# 5th September ride



## markg0vbr (2 Aug 2010)

trike ride 5th September.
setting off from the travellers rest pub ,
Brough Lane Head
Bradwell, Hope Valley
Derbyshire, S33 9HG 



22miles to the end of lady bower and back, tea stop at the dame.
10am take off.


----------



## Tigerbiten (2 Aug 2010)

Count me in, probably.

I'm thinking of doing the FNRttC on the 3rd of Sept.
But the legs should have recovered by the 5th.
Its the lack of sleep that may get me, for the drive there and back.

Luck ........


----------



## markg0vbr (2 Aug 2010)

equipment list
two match sticks, coffee enema and a red bull.


----------



## n-ick (3 Aug 2010)

Yo, will be there. Will try and get Slime out of bed, for those amazing 2 wheeled antics (fool).


----------



## 3tyretrackterry (3 Aug 2010)

Mark
will check the calender but if im not working i'm in
same route as last time
will be good to run out with other trikes unless you are on the giro
Ian


----------



## marc-triker (3 Aug 2010)

n-ick said:


> Yo, will be there. Will try and get Slime out of bed, for those amazing 2 wheeled antics (fool).



COUNT ME IN MARK. 
Spud
aka SLIME


----------



## markg0vbr (3 Aug 2010)

n-ick said:


> Yo, will be there. Will try and get Slime out of bed, for those amazing 2 wheeled antics (fool).




equipment list
two match sticks, coffee enema and a red bull.
ok add 
welder, six coat hangers, band aid, caster.


----------



## markg0vbr (3 Aug 2010)

3tyretrackterry said:


> Mark
> will check the calender but if im not working i'm in
> same route as last time
> will be good to run out with other trikes unless you are on the giro
> Ian



no the giro would give every one neck pain, i would have to fit a mirror at a odd angle ect.
i think this is a job for the Mobile armchair, 6054.


----------



## n-ick (4 Aug 2010)

Yo, are you putting this on www.velovision.co.uk ? I only ask because it might attract some new blood. 
The Vampirii are always seeing the same folk.


----------



## plantfit (5 Aug 2010)

Fingers crossed I'll be able to make it this time

Rog

Trice Q 26


----------



## markg0vbr (6 Aug 2010)

n-ick said:


> Yo, are you putting this on www.velovision.co.uk ? I only ask because it might attract some new blood.
> The Vampirii are always seeing the same folk.

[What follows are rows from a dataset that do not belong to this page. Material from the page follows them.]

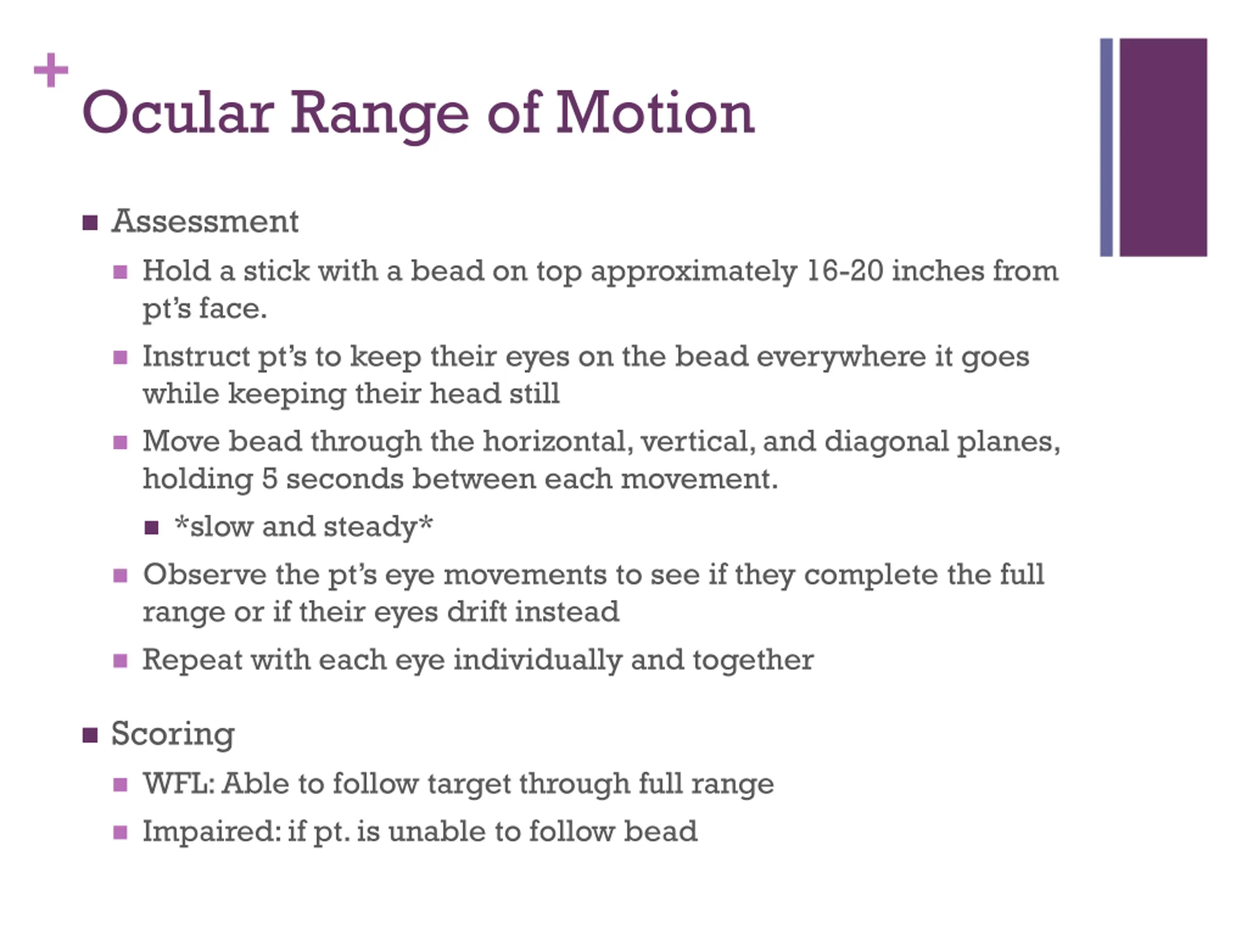 +Ocular Range of Motion Assessment Hold a stick with a bead on top approximately 16-20 inches from pt s face. Instruct pt s to keep their eyes on the bead everywhere it goes while keeping their head still Move bead through the horizontal, vertical, and diagonal planes, holding 5 seconds between each movement. *slow and steady* Observe the pt s eye movements to see if they complete the full range or if their eyes drift instead Repeat with each eye individually and together Scoring WFL: Able to follow target through full range Impaired: if pt. is unable to follow bead
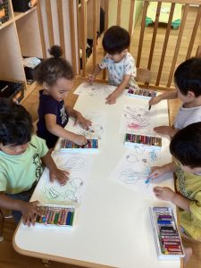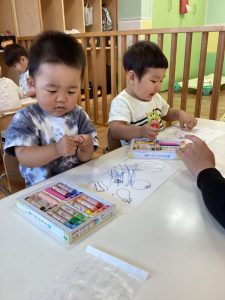 どの色にしようかな〜🎶と楽しく選びながら塗るいちご組さん🍓
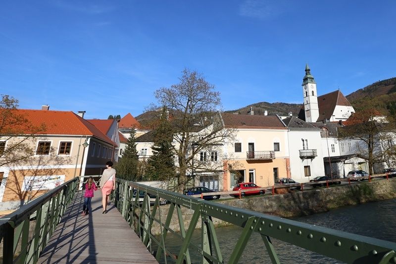 - Route description From the left bank of the Erlauf, you walk over the Sandsteg and then up to the oldest part of the town: to the town hall square with church, castle, and town hall. The path continues to the Flecknertor and along the former course of the city wall — where the moat used to be — to the Powder Tower. Over the particularly beautiful main street, you then return to the town pier with seating stands right by the water.

ok i will see if i can do that


----------



## byegad (6 Aug 2010)

markg0vbr said:


> equipment list
> two match sticks, coffee enema and a red bull.
> ok add
> welder, six coat hangers, band aid, caster.

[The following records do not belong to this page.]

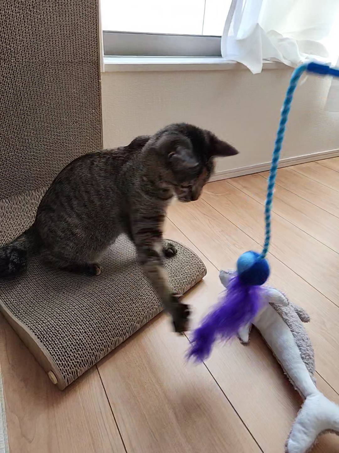 ねねちゃんは到着早々にオモチャで遊んでいました。みーちゃんは鳴きながらオロオロしていましたが、ちゅーるは食べてくれたとのことで、ねねちゃんと一緒なのできっと大丈夫ですね(*^^*)
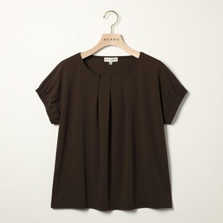 エレガントなムードの半袖カットソー。胸元に入った立体的なタックがエレガントなデザインアクセント。袖口はゴム仕様でくしゅっとしたシルエットがフェミニンなムード。シンプルなデザインとコーディネートしやすい落ち着いたカラーで、あらゆるボトムとマッチ。おしゃれなお出かけコーディネートが完成するアイテムです。
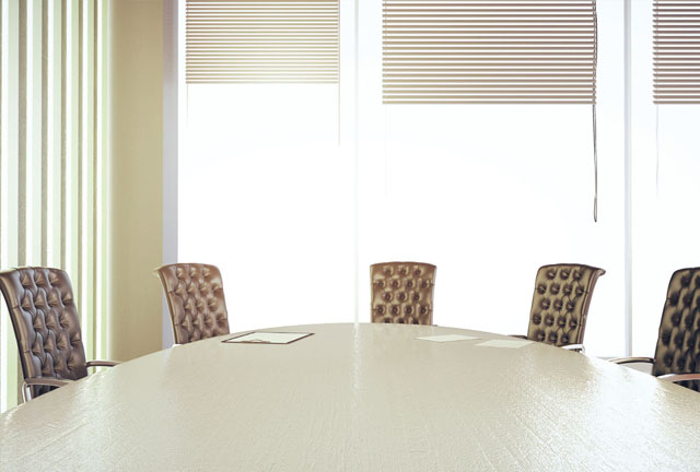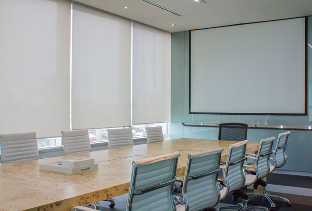 Meeting room with Commercial blinds that offer privacy, protection from the light and a stylish vibe to the space.
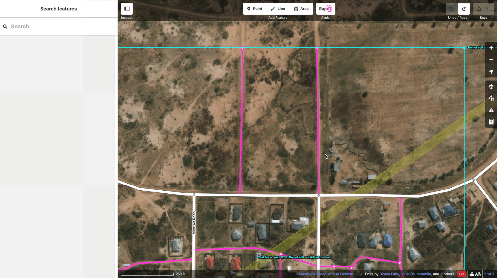 L’outil RapidID permet d’identifier, d’ajouter et d’éditer des routes avec précision et plus rapidement. Jusqu’à aujourd’hui, la création d’une route dans le système OSM (appelé iD) consistait généralement à dessiner la route au-dessus de l’image satellite à l’aide de lignes et de courbes simples. Avec RapiD, l’intelligence artificielle a déjà rempli ce qu’elle suppose être des routes, et le travail de l’homme consiste plutôt à les confirmer, à les annuler ou à les ajuster.
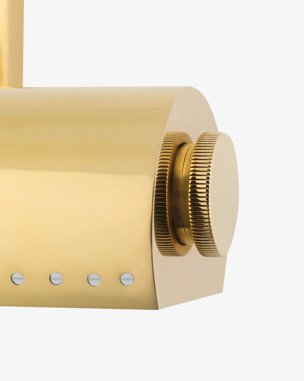 Inspired by the iconic banker’s lamp, the Hampshire Picture Light reinvents a traditional style with a bold brass finish. With a perforated trim on its tubular metal shade, the Hampshire Picture Light is complete with decorative joints that contribute to its subtle detail.
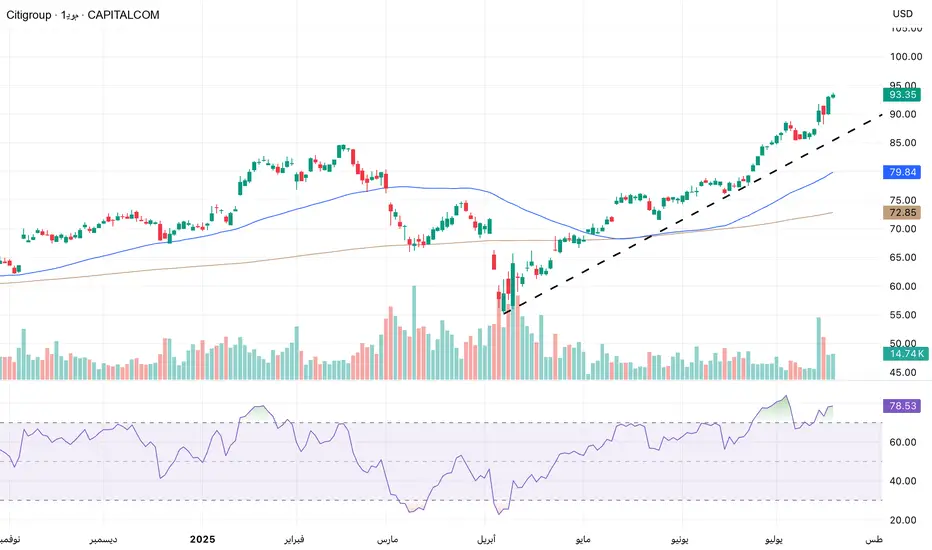من الناحية الفنية، سجل سهم سيتي ارتفاعًا إلى قمم اتجاهية جديدة بدعم من أحجام تداول قوية. ويُظهر السهم زخمًا واضحًا ضمن مسار تصاعدي مستقر. ومع ذلك، فإن مؤشر القوة النسبية (RSI) يشير إلى حالة تشبع شرائي، مما قد يدفع المتداولين إلى انتظار تراجع فني طفيف أو مرحلة من التماسك السعري للحصول على نقطة دخول أكثر ملاءمة من حيث نسبة العائد إلى المخاطرة.

You forgot the tea tray and slime filled spare tubes.


----------



## plantfit (24 Aug 2010)

Hi Mark,

Do you have road numbers and approx area of the meeting venue as I don't have sat nav or any such modern navigational aids

Rog


----------



## markg0vbr (24 Aug 2010)

plantfit said:


> Hi Mark,
> 
> Do you have road numbers and approx area of the meeting venue as I don't have sat nav or any such modern navigational aids
> 
> Rog




travellers rest pub
*Address:* Brough Lane Head, Bradwell, Hope Valley, Derbyshire, S33 9HG
on the t junction of the a6187 and b6049
2miles from castleton
12 miles from sheffield


----------



## n-ick (25 Aug 2010)

Can we park t'van there ?


----------



## markg0vbr (25 Aug 2010)

n-ick said:


> Can we park t'van there ?


yes they have a large car park


----------



## markg0vbr (26 Aug 2010)

i might need a tow up some of the hills


----------



## n-ick (27 Aug 2010)

http://www.facebook.com/photo.php?pid=1419653&id=1427838639
i might need a tow up some of the hills
[/quote]


Are we going on a month's camping and touring trip? In which case I'll have to inform the servants.


----------



## marc-triker (27 Aug 2010)

markg0vbr said:


> i might need a tow up some of the hills



mark save carrying too much weight. TAKE OFF THE SILLY LITTLE BELLS lmao


----------



## markg0vbr (2 Sep 2010)

i have just put the Stilton banana and brown source sandwiches in the old biscuit tin ready to put them in a shallow grave to ferment until Sunday.


----------



## byegad (3 Sep 2010)

Stilton, banana and brown sauce. 


Are you mad?


Where's the spinach and orange chutney???


----------



## markg0vbr (3 Sep 2010)

byegad said:


> Stilton, banana and brown sauce.
> 
> 
> Are you mad?
> ...




eeeeewwwwwww marmite Wooster source and vodka jelly shots mmmmmmmm


----------



## plantfit (4 Sep 2010)

So who is going tomorrow??? looks like it should be good weather

Rog


----------



## 3tyretrackterry (4 Sep 2010)

I am out am afraid have texted Mark but if he doesnt get it can someone tell him i wish all a good ride Mark is a good guide


----------



## markg0vbr (4 Sep 2010)

just been out and dugg up the sandwiches, beaten them with a big stick until they stopped moving so all set. see you there


----------



## Tigerbiten (5 Sep 2010)

Legs feel ok after the London-Brighton run last night.
So setting out now.
Google says its just over an 2 hour drive, so as long as the M1 is not to buzy should get there in time.

Luck ............


----------



## knotbury (5 Sep 2010)

Nice ride - thanks Mark. It is a rare thing for me to ride with other trikes-must do it again sometime


----------



## n-ick (5 Sep 2010)

Nice ride, many thanks. We both enjoyed the hillclimb at the start.


----------



## plantfit (5 Sep 2010)

What a great ride, really enjoyed that one, what a fantastic bunch of people as well, must do it again, anyone for Rutland or Draycote or a repeat of today before winter sets in?

Roger


----------



## psmith (5 Sep 2010)

Mark thanks for the day out ,in a beautifull area which we need to visit more often . 
Cheers .


----------



## markg0vbr (5 Sep 2010)

have a look at this one.
http://ridewithgps.com/routes/171156
only 2000 ish ft of clime but some steep fast downs.


----------



## markg0vbr (5 Sep 2010)

some good photos
http://www.facebook.com/photo.php?pid=31819018&l=aedb3ab448&id=1224334823
a fleeting glimpse of a sun bronzed Greek god in some.


----------